Panwaslu berharap kepada semua kalangan, terutama yang konsisten dengan Pemilu, agar bersama-sama memberantas adanya praktek mahar politik. Karena, pihaknya akan terus berkomitmen untuk memberantas mahar politik.
“Panwaslu berharap peran semua kalangan untuk memberantas praktek mahar politik dengan tujuan, memiliki pemimpin yang benar-benar bebas KKN,” tandasnya.

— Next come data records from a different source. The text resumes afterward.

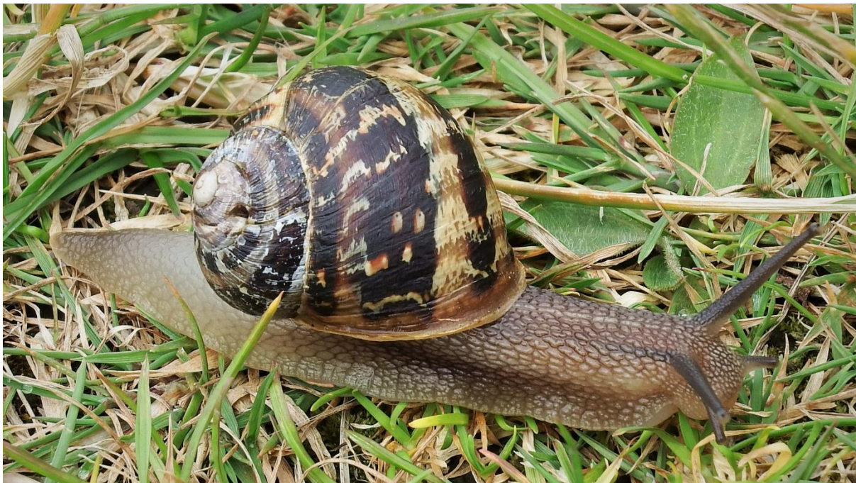
Figure 1. Cornu aspersum , the common garden snail.

If you grew up in a temperate climate, you probably spent some time bothering brown garden snails ( Cornu aspersum , formerly known as Helix aspersa ; Figure 1) or some closely related species of pulmonate (air-breathing) gastropod. Their brains are quite different from and smaller than those of vertebrates, but their behavior is in some ways strikingly complex. They constitute a difficult and interesting case about which different theories yield divergent judgments.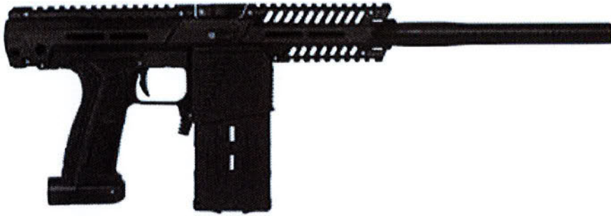
PLANET ECLIPSE Model Emek Version 4. – EMEK EMF100 – imitation firearm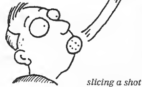
slicing a shot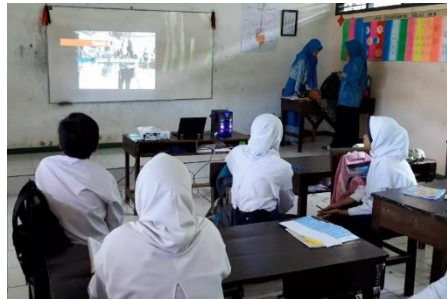
Figure 1. The class situation

program. The material taken from the VOA Learning English program is in the form of video, with a beginner level.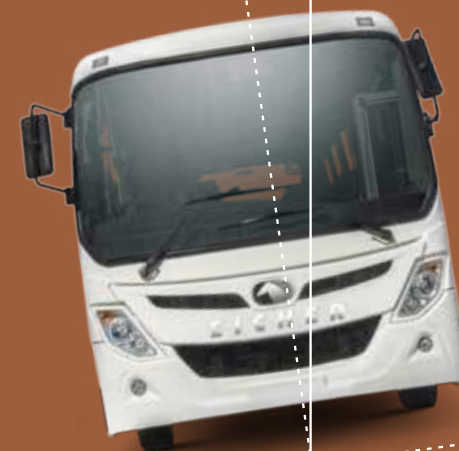
Roll-over Test Compliant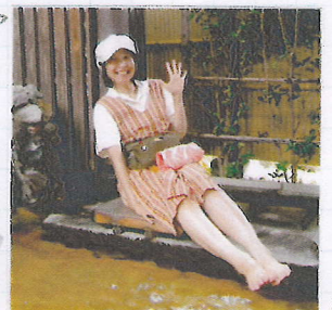
This is a foot bath.

I took a sand bath, a foot bath and a mud bath ☺.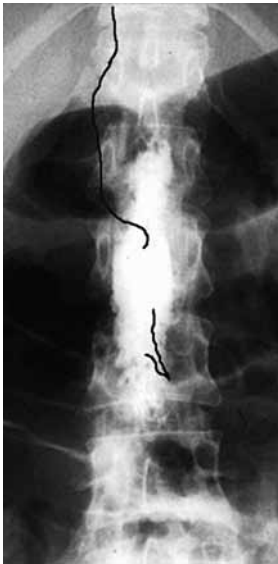
Figure 4. AP epidurogram of thoracolumbar spine showing dense 'sausage-shaped' mass of intradural contrast

swelling collection within the layers of the dura. This may cause transient pain and at least initially produces only a restricted neuraxial block. Repeated doses of local anaesthetic may escape retrogradely from the intradural space to the epidural space around the outside of the epidural catheter, eventually producing a clinically acceptable block. However, there is a slight risk of an extensive block developing some time later, following rupture of the remaining layers of dura and sometimes the arachnoid as well, leading to diversion of the intradural solution into the subdural or subarachnoid spaces [1]. Careful patient monitoring and repeated aspiration of the catheter for CSF are advised whenever several doses of local anaesthetic are required to correct an inadequate block.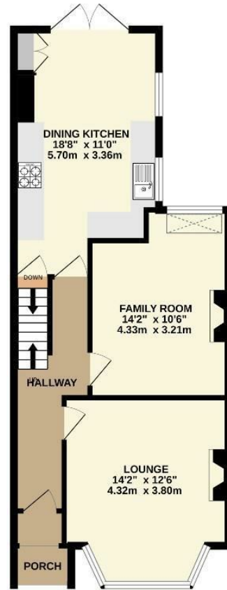
GROUND FLOOR 587 sq.ft. (54.5 sq.m.) approx.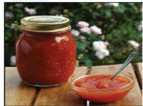
Baked Goods & Preserves

Tak hanya itu, sanksi dalam ‘bermain mahar politik’ tidak hanya di Pidana. Bahkan jika terbukti, parpol berserta calon akan di diskualifikasi. “Ini sangat dilarang dan bertentangan dengan UU. Terbukti, periode sekarang dibatalkan dan periode berikutnya dilarang untuk mencalonkan,” ucapnya.
Sesuai UU nomor 8 /2015 pasal 47 berbunyi, parpol atau gabungan parpol dilarang menerima imbalan dalam bentuk apapun pada proses pencalonan. Jika terbukti pada proses pencalonan ada imbalan dalam bentuk apa pun, maka calon tersebut dibatalkan.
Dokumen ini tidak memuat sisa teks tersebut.